With MapR-DB tables, like with Hbase, continuous sequences of rows are divided into regions or tablets. However, with MapR-DB, the Tablets "live" inside a container. Because the tables are integrated into the file system, MapR-DB can guarantee data locality, which HBase strives to have but cannot guarantee since the file system is separate.

On a node failure, the Container Location Database (CLDB) does a failover of the primary containers that were being served by that node to one of the replicas. For a given container, the new primary serves the MapR-DB tables or files present in that container.

The real differentiating feature is that MapR-DB can instantly recover from a crash without replaying any of the small micro logs, meaning users can access the database while the recovery process begins. If data is requested that requires the application of a micro log, it happens inline in about 250 milliseconds — so fast that most users won't even notice it. HBase and Cassandra use large recovery logs; MapR, on the other hand, uses about 40 small logs per tablet. Since today's servers have so many cores, it makes sense to write many small logs and parallelize recovery on as many cores as possible. Also, MapR-DB is constantly emptying micro logs, so most of them are empty anyway. This architecture means that MapR-DB can recover between 100X and 1,000x faster from a crash than HBase. We call this instant recovery.

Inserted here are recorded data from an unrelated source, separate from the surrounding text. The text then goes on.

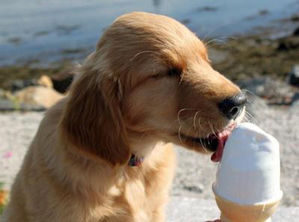 This is a puppy eating ice cream.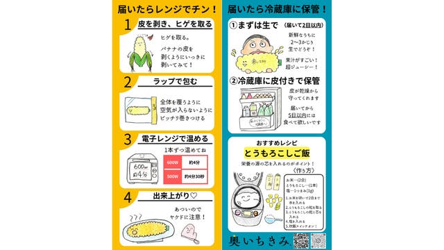 - 【糖度20度】一本の幹から一番甘い一個だけを収穫するスーパースイートコーン「奥いちきみ」を使用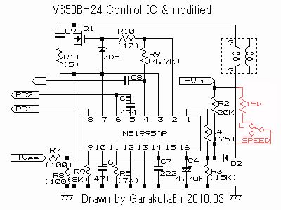 探し回って、やっとC型5KΩ(\100税込)を見付け、試してみたのですが、値不足のためか電圧範囲の狭さや動作の不安定さがあって、満足出来ませぬ。また、B型を使った“擬似C型”も上手く行かず。(更に、C型探しの旅は続く...か?)
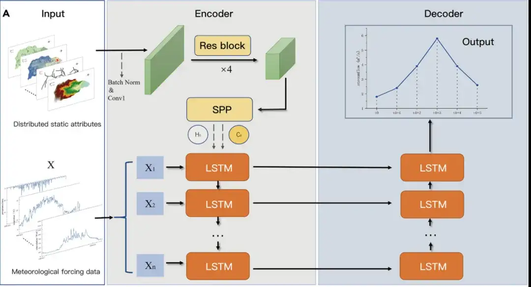 in,The Encoder combines static attributes with forcing data.Static data include digital elevation models (DEMs), snow cover extent, soil moisture content, groundwater depth, potential evapotranspiration, drought index and river channel geometry. These attributes guide the model to distinguish the hydrological behavior of different regions. Forced data include precipitation, solar radiation, air temperature, dew point temperature, surface pressure, easterly and northerly wind speeds. These data have a temporal resolution of 24 hours.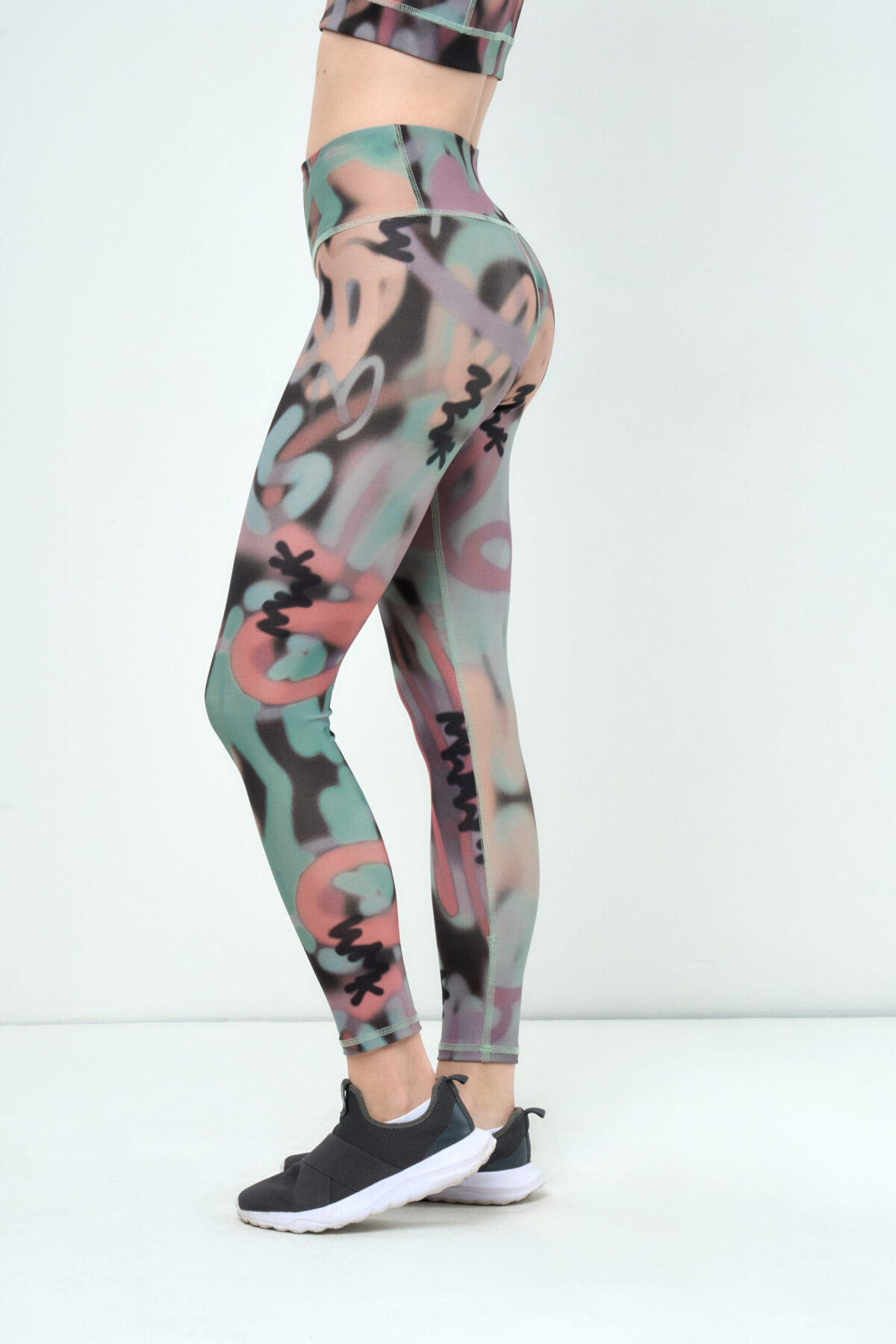 Calza reversible estampada, confeccionada con tejido ecológico teñido sin consumo de agua. De cintura alta y doble, tejido ligero y elástico, efecto segunda piel. Estiliza la figura,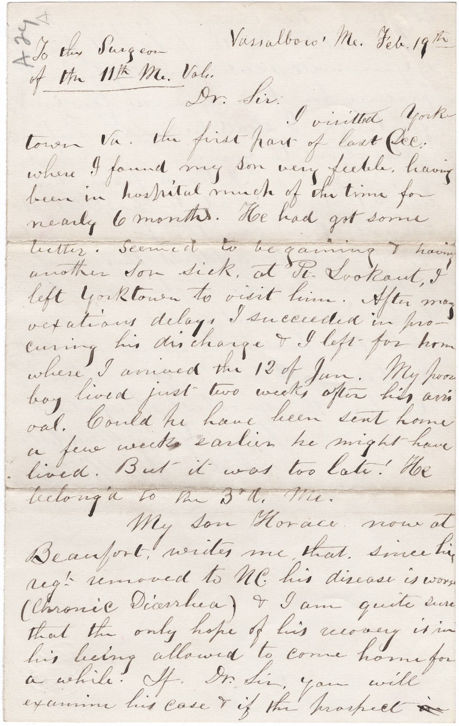 Dear sir, I visited Yorktown, Virginia, the first part of last December where I found my son very feeble, having been in hospital much of the time for nearly 6 months. He had got some better. Seemed to be gaining & having another son sick at Point Lookout, I left Yorktown to visit him. After many vexatious delays, I succeeded in procuring his discharge & left for home where I arrived the 12th of January. My poor boy lived just two weeks after his arrival. Could he have been sent home a few weeks earlier, he might have lived. But it was too late. He belonged to the 3rd Maine. 1

This summarizes the features of MapR-DB tablets living inside a container:

• Guaranteed data locality: Table data is stored in files that are guaranteed to be on the same node because they are in the same container.
• Smarter load balancing uses container replicas: If a tablet needs to be moved for load-balancing, it is moved to a container replica, so the data is still local.
• Smarter, simpler failover uses container replicas.

MapR Converged Data Platform

Three core services — MapR-XD, MapR-DB, and MapR Event Streams — work together to enable the MapR converged data platform to support all workloads on a single cluster with distributed, scalable, reliable, high performance.